Indonesia-Selandia Baru Sepakat Antisipasi Perdagangan Orang

Red: Bayu Hermawan
Republika/Rakhmawaty La'lang
Kabareskrim Polri Komjen Pol Ari Dono Sukmanto
Kabareskrim Polri Komjen Pol Ari Dono Sukmanto

REPUBLIKA.CO.ID, JAKARTA -- Indonesia dan Selandia Baru menyepakati kerja sama antisipasi perdagangan manusia dengan modus baru melalui program "The 6th Bilateral Working Group (BWG)". Indonesia dan Selandia Baru akan meningkatkan intensitas dan koordinasi untuk menanggulangi penyelundupan manusia.

"Saat ini muncul fenomena baru dari pelaku perdagangan manusia sebagai migran ekonomi," kata Kepala Badan Reserse Kriminal (Kabareskrim) Polri Komisaris Jenderal Polisi Ari Dono Sukmanto di Jakarta, Rabu (6/12)

Ari Dono menjajaki kesepakatan dengan kepolisian Selandia Baru di Wellington guna menanggulangi kejahatan lintas negara termasuk perdagangan manusia.
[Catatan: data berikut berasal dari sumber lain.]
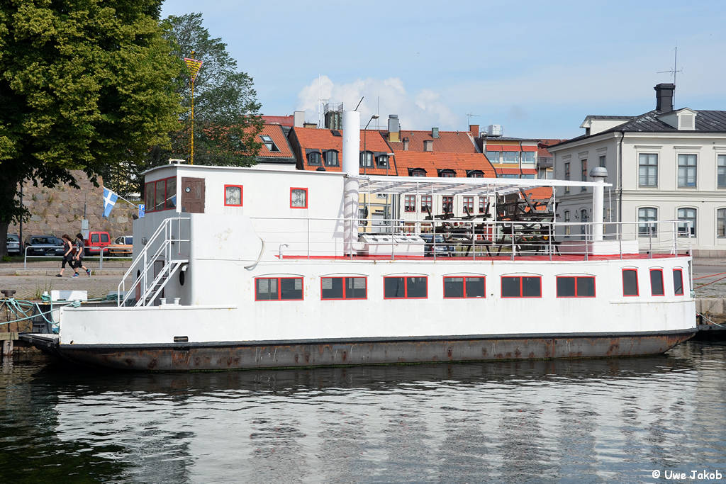 1935 - 1953 Brevik - Stathelle lt. norweg. Register 10.1953 nach Schweden verkauft !! 1953 - 1965 Lillsved (Värmdö) - Tranvik (Ljusterö), S 1965 - 1975 Frachtfähre Vaxholm 1975 - 1989 Vaxholm - Norra Tynningö, S 1989 Umbau zum Restaurantschiff 1989 - ? Restaurantschif in Borgholm, Öland ab 1995 registriert als Restaurantprahm Restaurantschiff (?) - noch 07.2015 aufliegend in Kalmar gesehen - in Skeppslista 2017 als "restaurangpråm" |
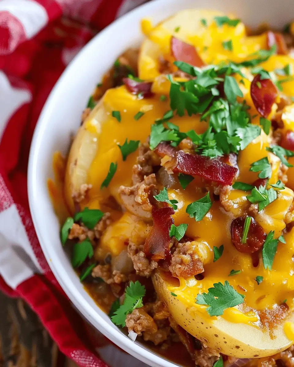 Slow Cooker Cowboy Potato Casserole is a hearty and indulgent meal perfect for weeknight dinners, combining creamy potatoes, savory beef, and melty cheese.
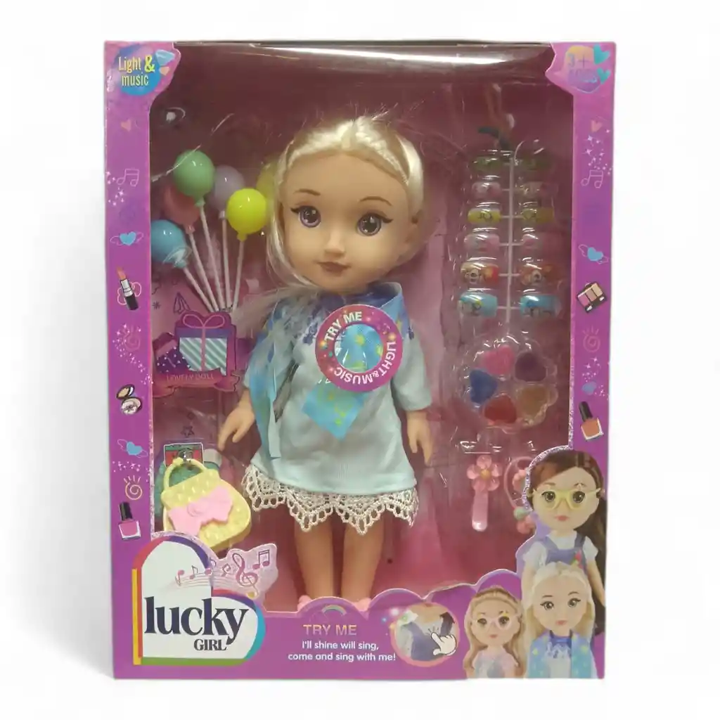 Muñeca30 cms aprox. musical con globos, accesorios maquillaje y uñas
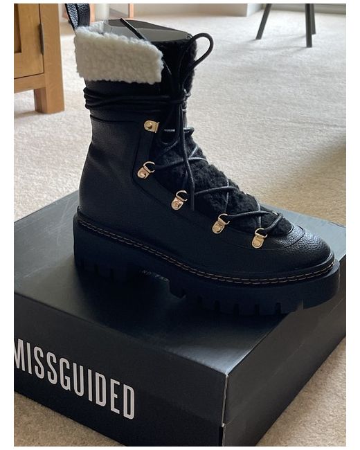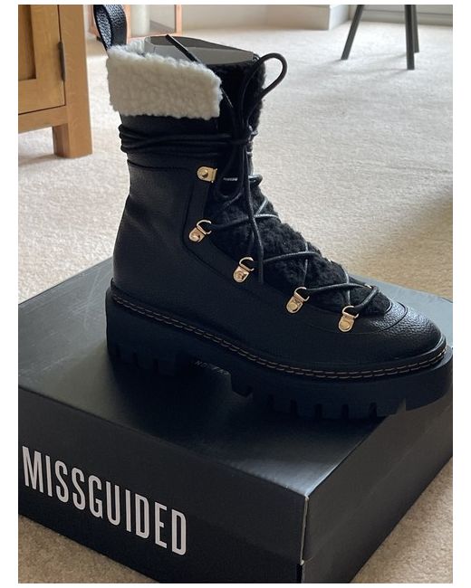Elevate your shoe game with these black Borg hiker boots from Missguided. Featuring a combat-style design, these boots are perfect for any fashion-conscious individual. Made from high-quality faux leather, they are durable and long-lasting. The boots are available in size 4, making them suitable for women who enjoy a comfortable and snug fit. These boots are perfect for any occasion and can be paired with a range of outfits. They are versatile and can be dressed up or down depending on your mood. The black colour adds a touch of elegance and sophistication to any look. With these boots, you can step out in style and make a statement wherever you go.
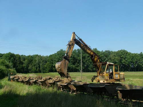 29.08.2005/ sk/ Und tatsächlich, die Auskunft stimmte, die Feldbahn war heute tatsächlich in Betrieb! Da seit Mai 05 nichts mehr gefahren war, war die Gleisanlage entsprechend verkrautet und zugewuchert, und auch mit dem Bagger gab es scheinbar ein paar Probleme, sodaß die Diema sogar alleine auf "Werkstattfahrt" auf der Strecke beobachtet werden konnte. Gegen Mittag waren dann alle Probleme ausgeräumt, die Beladung der 14 Loren konnte beginnen. Dank der stark zugewucherten und nicht ganz ebenen Strecke war die Fahrt mit dem beladenen Zug von der Grube ins Werk dann recht abenteuerlich und dauerte weit über eine Stunde - bei einer Streckenlänge von nur etwa 2 km!
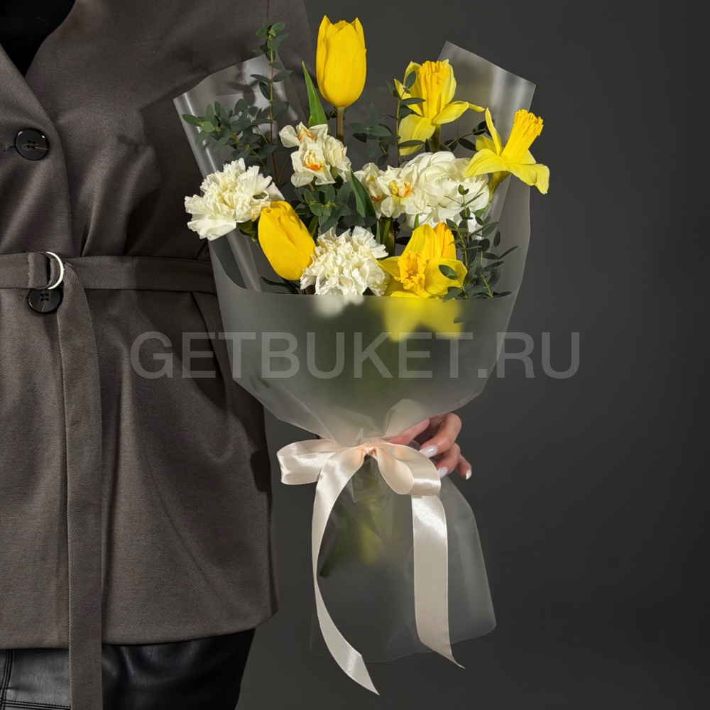 Букет из нарциссов, тюльпанов и форзиции6 450 ₽Букет из нарциссов, тюльпанов и форзиции 6 450 ₽ -

Ari Dono mengungkapkan pelaku menjalankan pola baru untuk menyelundupkan manusia seperti kapal berbendera Srilanka yang terdampar di Laut Nias Utara pada 9 Agustus 2017.

Hasil pemeriksaan Satuan Tugas "People Smuggling" Bareskrim Polri menunjukkan kapal itu berpenumpang 33 warga Srilanka yang menuju Selandia Baru diorganisir penyelundup Srilanka. Bareskrim juga mengamankan 41 warga Vietnam terdampar di Pulau Tablolong Nusa Tenggara Timur (NTT) yang diduga menuju Selandia Baru pada 26 Oktober 2017.

Ari Dono melanjutkan, Indonesia dan Selandia Baru akan segera meningkatkan intensitas dan koordinasi untuk menanggulangi penyelundupan manusia tersebut termasuk penambahan personel. Kabareskrim menegaskan hasil pertemuan itu memberikan dampak positif dalam mendeteksi dan memberantas kejahatan hak asasi manusia.

Wakil Kepala Kepolisian Selandia Baru Mike Clement menyampaikan penghargaan tinggi kepada Polri dalam pengungkapan upaya penyelundupan manusia. "Selandia Baru memiliki permasalahan yang sama terkait penyelundupan manusia," tutur Clement.